I'd like to know more about Ms. Hanni Binder.
Was she a professional cartomancer or something??
 

Astraea

Hi, Kenji. I would like to know more about this, too. JMD has provided the most information I've seen on the subject in the thread he links to in his post (above). I do not know if Ms. Binder was a professional cartomancer. The woman with whom I studied has passed away, and few of Dr. Jung's contemporaries are still with us -- hopefully, some of them will have left a record that opens this door a little wider. If I am able to uncover additional information, I will definitely post it here.
 

kenji

Thanks again, Astraea!
When something gets clear on my part,
I'll make a posting, too. :)
 

Astraea

Excellent! Thanks, Kenji.
 

Teheuti

Astraea said:
This is the first direct reference to Jung's actually learning to read tarot that I've encountered. [/B]

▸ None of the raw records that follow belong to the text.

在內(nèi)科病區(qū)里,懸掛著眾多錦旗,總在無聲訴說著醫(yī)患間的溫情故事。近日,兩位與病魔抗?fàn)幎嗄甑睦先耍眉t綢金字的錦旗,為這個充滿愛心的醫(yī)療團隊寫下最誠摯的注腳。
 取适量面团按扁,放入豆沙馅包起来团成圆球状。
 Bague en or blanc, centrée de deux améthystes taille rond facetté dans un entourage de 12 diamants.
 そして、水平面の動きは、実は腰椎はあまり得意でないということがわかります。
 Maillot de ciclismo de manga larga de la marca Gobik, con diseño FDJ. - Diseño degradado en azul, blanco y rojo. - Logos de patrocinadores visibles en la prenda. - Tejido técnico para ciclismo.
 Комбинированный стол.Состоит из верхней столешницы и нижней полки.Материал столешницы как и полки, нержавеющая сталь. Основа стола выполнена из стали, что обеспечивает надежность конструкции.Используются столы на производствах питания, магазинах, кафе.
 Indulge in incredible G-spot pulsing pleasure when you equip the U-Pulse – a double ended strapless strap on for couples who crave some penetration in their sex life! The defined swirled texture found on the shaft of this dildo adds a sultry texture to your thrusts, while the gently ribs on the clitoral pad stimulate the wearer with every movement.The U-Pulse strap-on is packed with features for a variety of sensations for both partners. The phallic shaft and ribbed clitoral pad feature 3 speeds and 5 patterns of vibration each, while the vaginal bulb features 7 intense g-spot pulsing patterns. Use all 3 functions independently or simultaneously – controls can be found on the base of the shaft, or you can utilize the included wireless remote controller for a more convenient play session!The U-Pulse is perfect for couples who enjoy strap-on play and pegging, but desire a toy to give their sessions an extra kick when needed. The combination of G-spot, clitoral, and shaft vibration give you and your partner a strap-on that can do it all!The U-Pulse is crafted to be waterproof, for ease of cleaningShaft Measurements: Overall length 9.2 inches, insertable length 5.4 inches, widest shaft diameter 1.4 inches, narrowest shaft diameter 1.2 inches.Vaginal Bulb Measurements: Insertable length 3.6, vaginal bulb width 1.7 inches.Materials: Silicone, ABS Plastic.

Here is a quote from Jung, appearing in _Visions: Notes of the Seminar given in 1930-1934 by C. G. Jung_, edited by Claire Douglas. Vol. 2. (Princeton NJ, Princeton University Press, Bollingen Series XCIX, 1997), p. 923.

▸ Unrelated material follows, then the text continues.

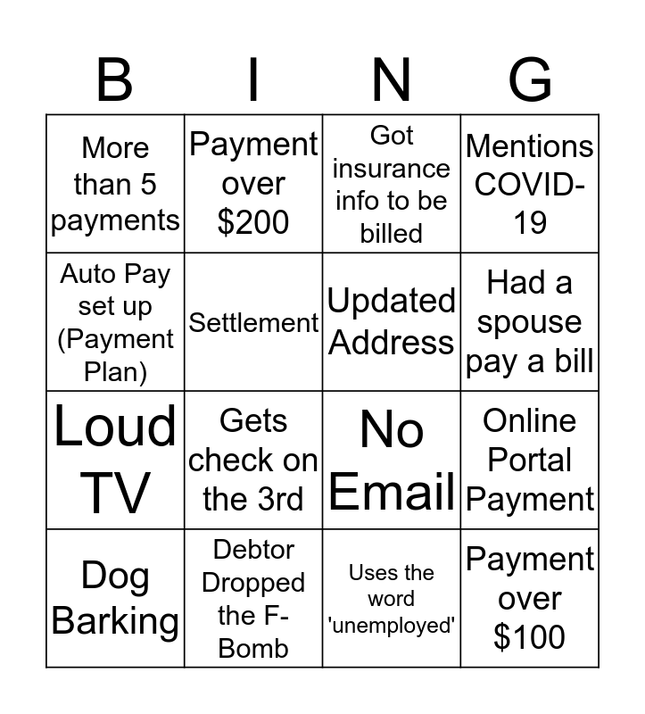 This bingo card has 16 words: Debtor Dropped the F-Bomb, Online Portal Payment, Got insurance info to be billed, More than 5 payments, Loud TV, Payment over $200, No Email, Uses the word 'unemployed', Auto Pay set up (Payment Plan), Settlement, Dog Barking, Mentions COVID-19, Gets check on the 3rd, Had a spouse pay a bill, Updated Address and Payment over $100.

“Another strange field of occult experience in which the hermaphrodite appears is the Tarot. That is a set of playing cards, such as were originally used by the gypsies. There are Spanish speciments, if I remember rightly, as old as the fifteenth century. These cards are really the origin of our pack of cards, in which the red and the black symbolize the opposites, and the division of four—clubs, spades, diamonds, and hearts—also belongs to the individuation symbolism. They are psychological images, symbols with which one plays, as the unconscious seems to play with its contents. They combine in certain ways, and the different combinations correspond to the playful development of events in the history of mankind. The original cards of the Tarot consist of the ordinary cards, the king , the queen, the knight, the ace, etc.,—only the figures are somewhat different—and besides, there are twenty-one cards upon which are symbols, or pictures of symbolical situations. For example, the symbol of the sun, or the symbol of the man hung up by the feet, or the tower struck by lightning, or the wheel of fortune, and so on. Those are sort of archetypal ideas, of a differentiated nature, which mingle with the ordinary constituents of the flow of the unconscious, and therefore it is applicable for an intuitive method that has the purpose of understanding the flow of life, possibly even predicting future events, at all events lending itself to the reading of the conditions of the present moment. It is in that way analogous to the I Ching, the Chinese divination method that allows at least a reading of the present condition. You see, man always felt the need of finding an access through the unconscious to the meaning of an actual condition, because there is a sort of correspondence or a likeness between the prevailing condition and the condition of the collective unconscious.
“Now in the Tarot there is a hermaphroditic figure called the diable. That would be in alchemy the gold. In other words, such an attempt as the union of opposites appears to the Christian mentality as devilish, something evil which is not allowed, something belonging to black magic.”

It shows that he had certainly thought about the significance of some (or all) of the Tarot trumps, but that he had not really learned much about the history. It's interesting that he places the union of opposites (a deeply important aspect of his psychology) and alchemical gold with the Devil. Probably he is referring to the gold and union to be found in the process of integrating the Shadow.

Mary K. Greer
 

Astraea

Thank you very much for posting these notes. Jung had a great appreciation for exemplars of psychic processes, and it does seem clear that he viewed tarot symbolism with respect, in that light -- though, as you say, his historical knowledge of the subject was limited. My understanding from the Bair biography is that he relied principally on Binder for background information concerning tarot, and probably not a great deal was known of its authentic history at the time; but, as you say, his interest was in the psychological significance of the images and the ways in which they spoke to the integration of the personality: alchemical gold. Oh, to have been able to speak with him about such things! Thank you again for this post.